Comment: Excellent questions, Leo. We currently have no clue on the causality. We are looking at the ACE2 expression in populations with different smoking histories and will publish the results soon. -Guoshuai
Response 2 to Comment 1
Received: 8 February 2020
Commenter: SFN
The commenter has declared there is no conflict of interests.
Comment: I second Leo Hopkins in wondering what it is about tobacco smoke that would increase ACE2 receptor sites, especially in light of other studies that indicate that exposure to cigarette smoke/nicotine upregulates ACE1 and actually downregulates ACE2, which is potentially the reason that tobacco use is associated with elevated blood pressure.

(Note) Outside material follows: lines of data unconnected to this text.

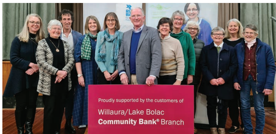
Proudly supported by the customers of Willaura/Lake Bolac Community Bank® Branch

Together we make great things happen in your community.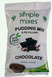
CHOCOLATE PUDDING MIX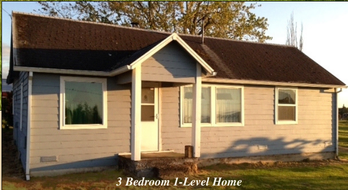
3 Bedroom 1-Level Home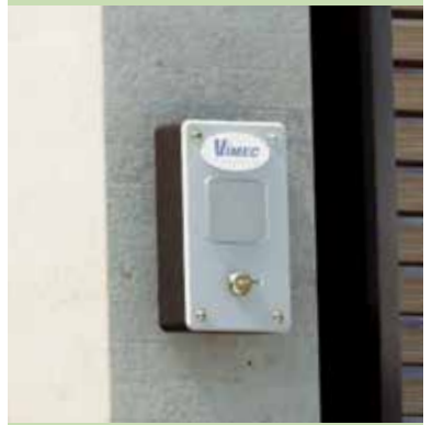
Floor control panel 50X50 mm - Silver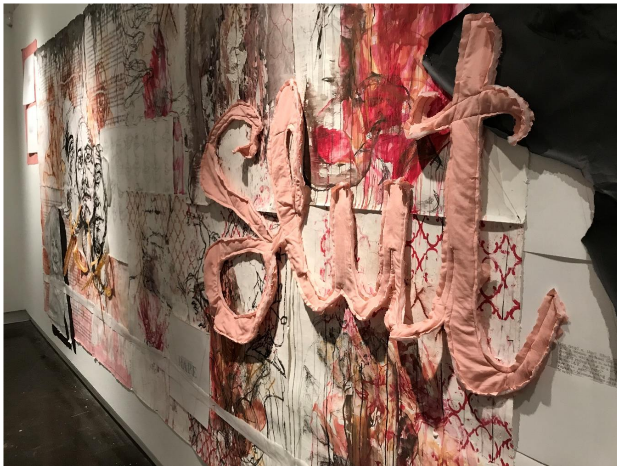
Figure 2 - Carrying On for Ten Years (Extended), Detail, 2018, Mixed Media Installation, 8x30 feet

“objectlessness” and “language destroying” qualities. Through this work, I have chosen to become a storyteller of a specific kind of pain that is not often shared publicly. There are stigmas around rape that silence survivors, but choosing to tell the story in this way, through the mediation of art, both captures the immutability of the experience and simultaneously combats those stigmas.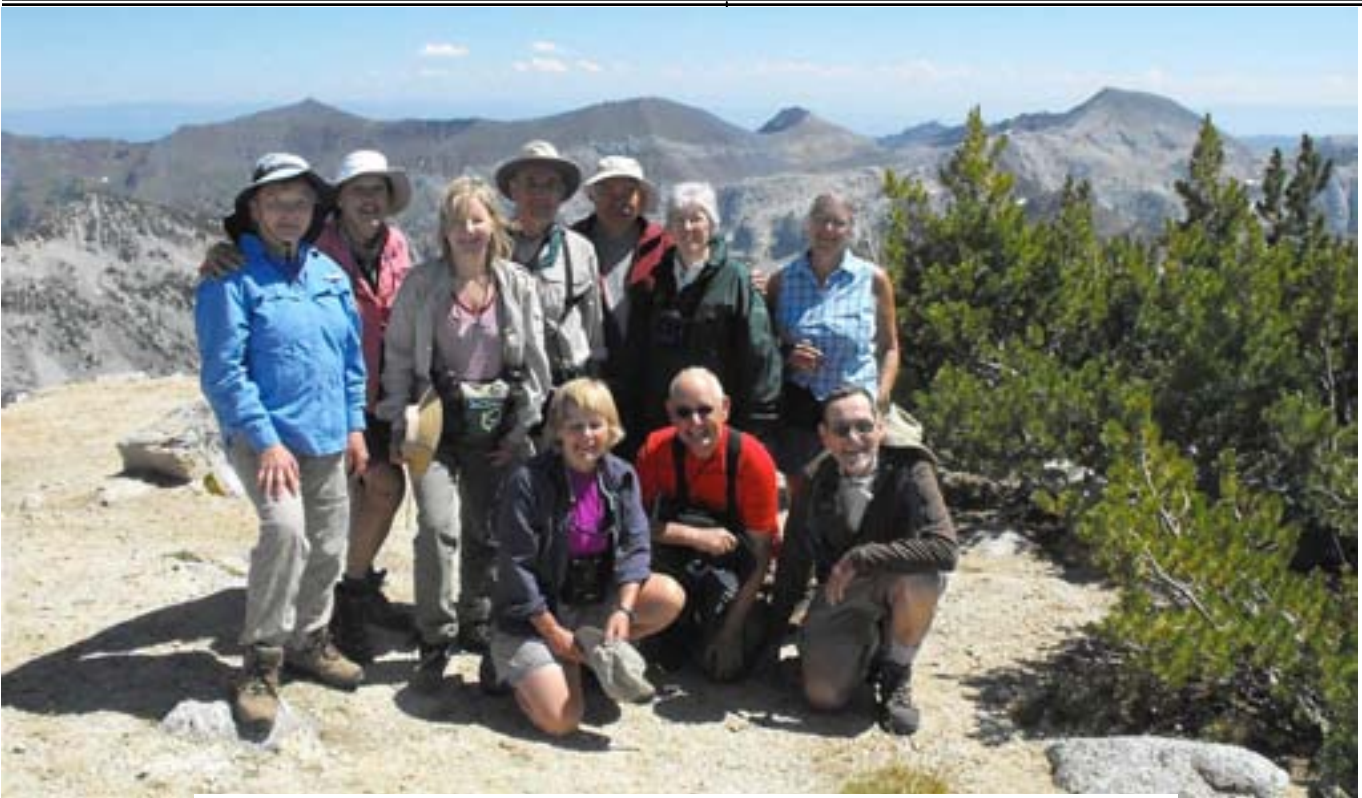
Entire Week 2 Wallows Alpine Outing group on Eagle Cap summit. Photo by Chrishelle Wingerd Bill Kingsbury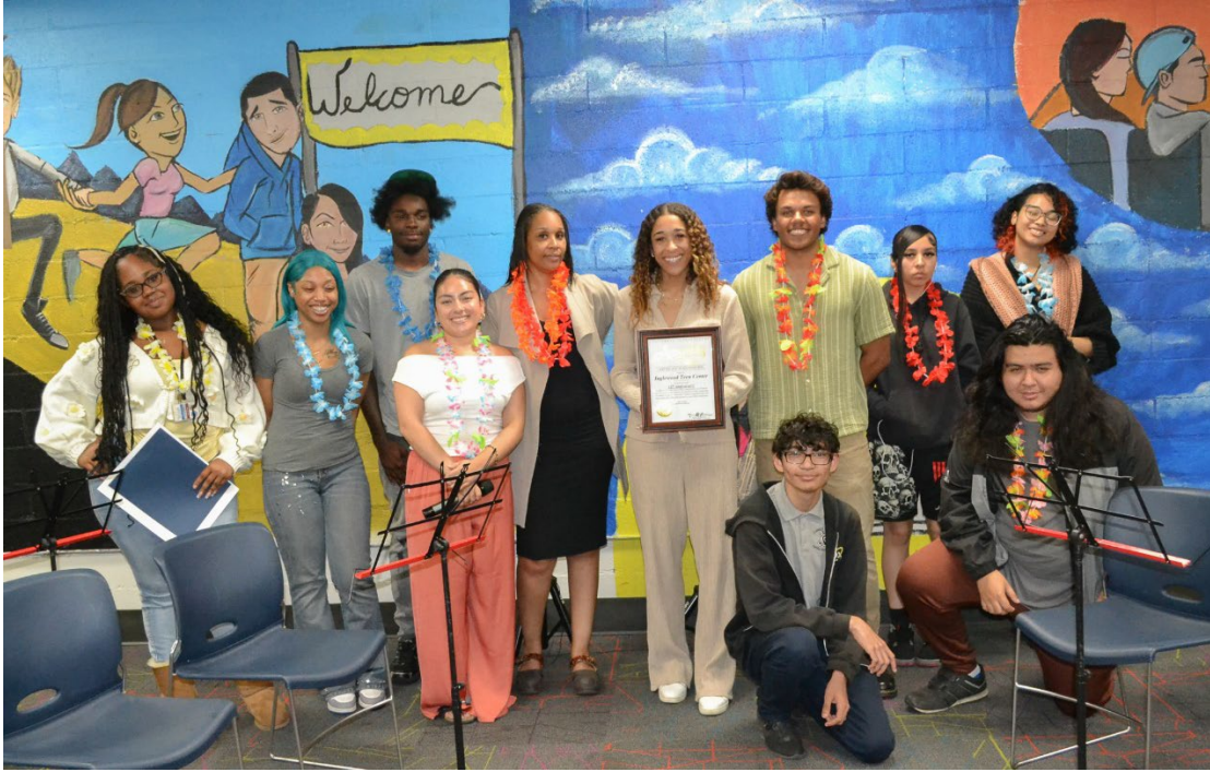
Photo caption: SBWIB celebrates 12th anniversary of Inglewood Teen Center with Aloha-themed event and announces temporary relocation.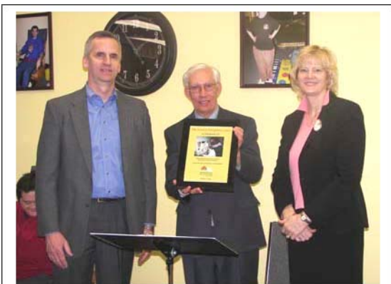
The ServiceSource Foundation funded a state-of-the-art Sensory Perception Center at the Woodmont CIC in FY 08.

Established in 1971, ServiceSource is a regional not-for-profit 501 (c)(3) that provides employment and training services for people with disabilities. ServiceSource has operations in Virginia, Maryland, North Carolina, South Carolina, Colorado and the District of Columbia. ServiceSource is a nationally recognized leader within the disability field, providing quality jobs and support services to people with disabilities.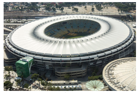
Maracana Stadium, Brazil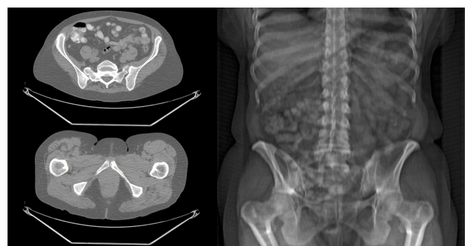
Left (top and bottom): CT Slices; Right: IBEX AX Synthetic X-ray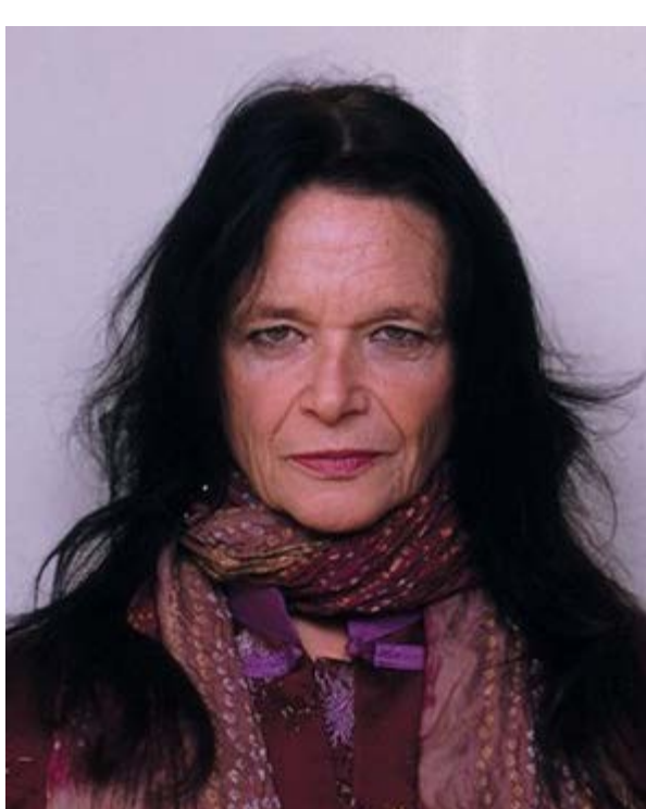
Anne Waldman.

Beat poet, activist, performer, and professor Anne Waldman will join the Emory community for three events to mark the opening of "The Dream Machine" exhibition.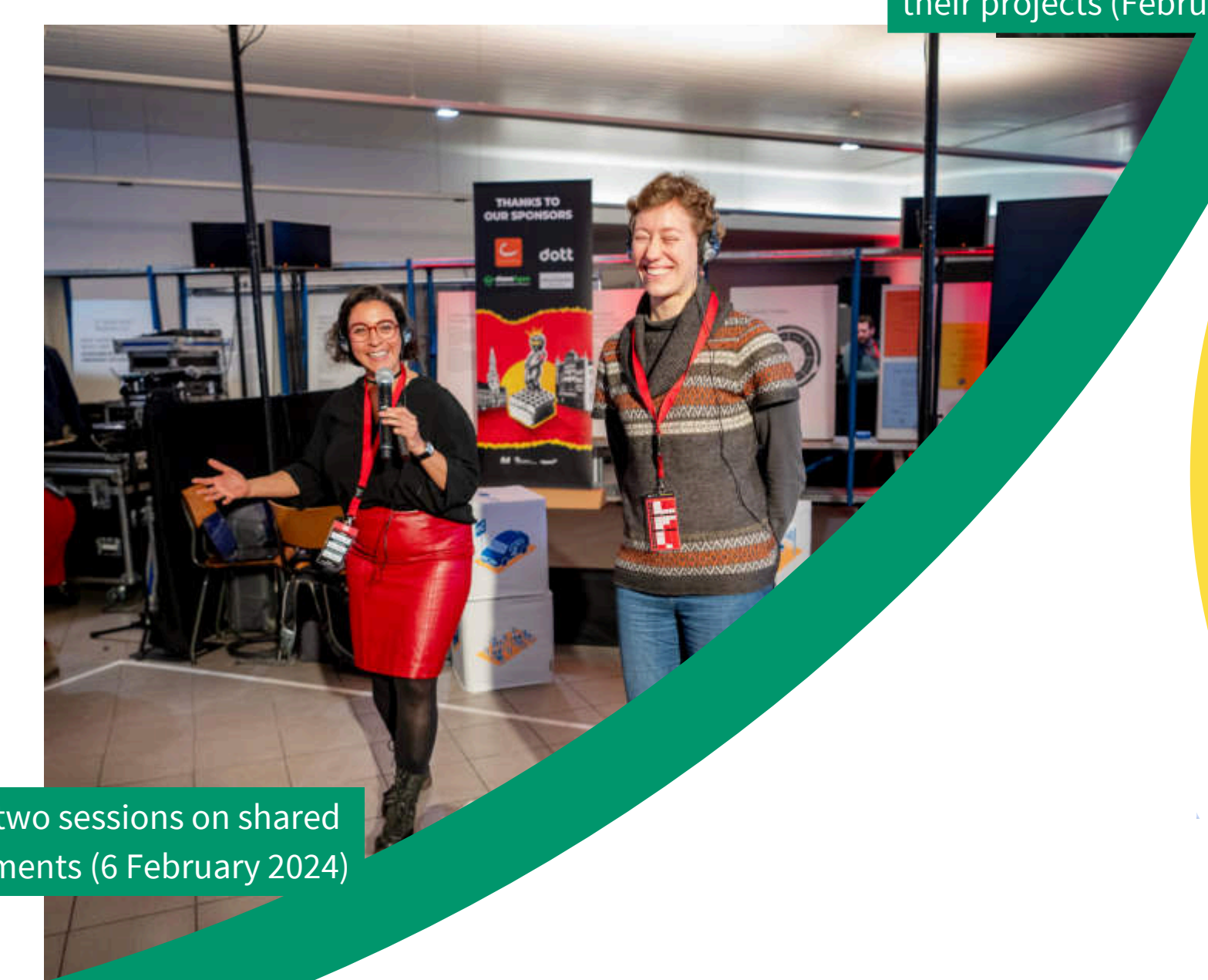
'Buurtbabbel' in the Arsenaalwijk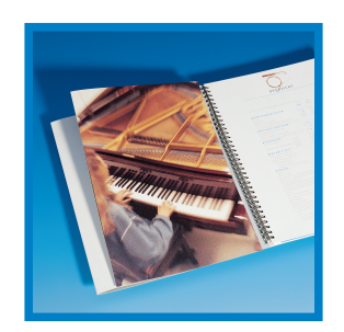
Sample bound using the WB-450.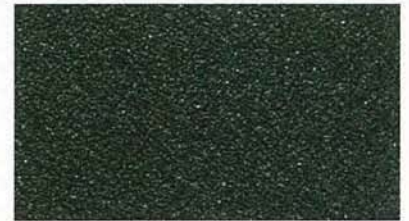
Super Fine Black (marine color) 70 Grit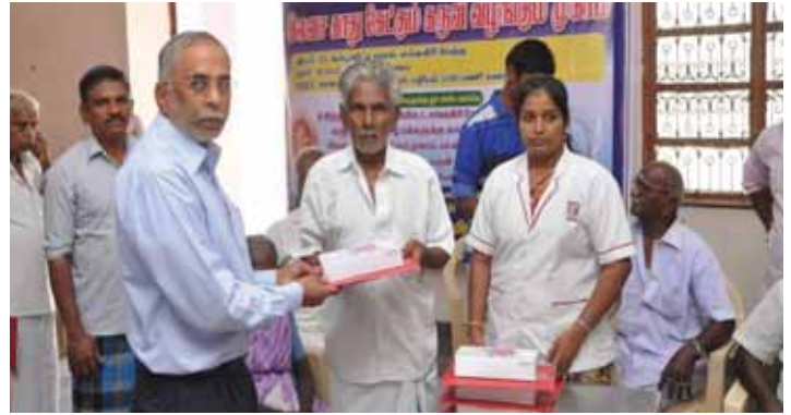
DISTRIBUTION OF HEARING AIDS AT SANKARI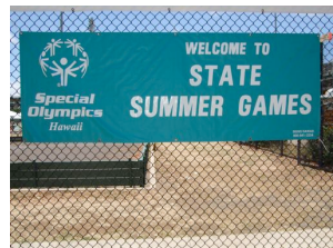
Over 2000 athletes participated!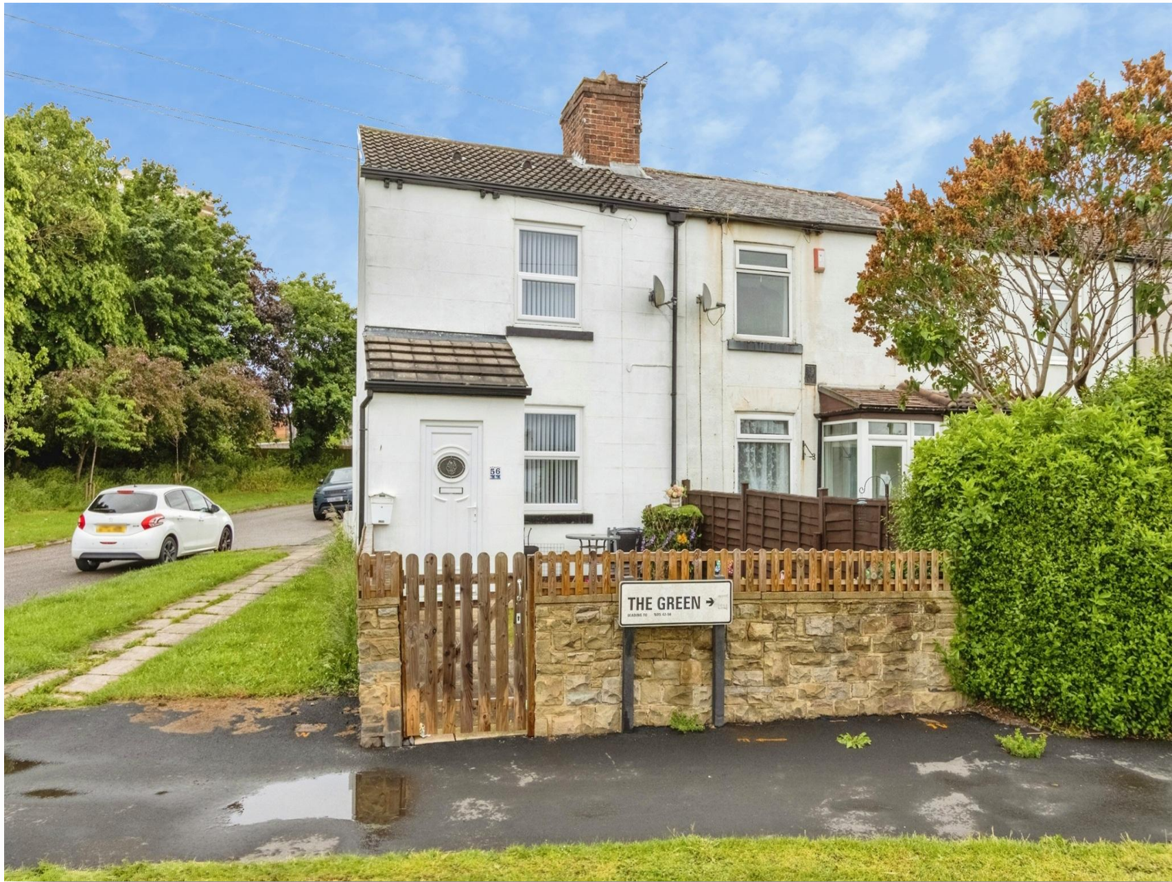
The Green, Seacroft Leeds LS14 6JW

And isn't it also the case that there are legitimate, well-established differences in ACE2 allele frequencies (and thus gene expression) between those of different ethnicities?

Both of these factors would appear to indicate the opposite of what was found in this review. I will be very interested to see the results of further research on this topic.
Response 3 to Comment 1
Received: 13 February 2020
The commenter has declared there is no conflict of interests.
Comment: According to this article, it would appear that Nicotine may be the key agent in upregulating ACE2 expression: https://www.ncbi.nlm.nih.gov/pmc/articles/PMC6295500/

So e-cigarettes, patches etc may be just as problematic as smoking in this regard.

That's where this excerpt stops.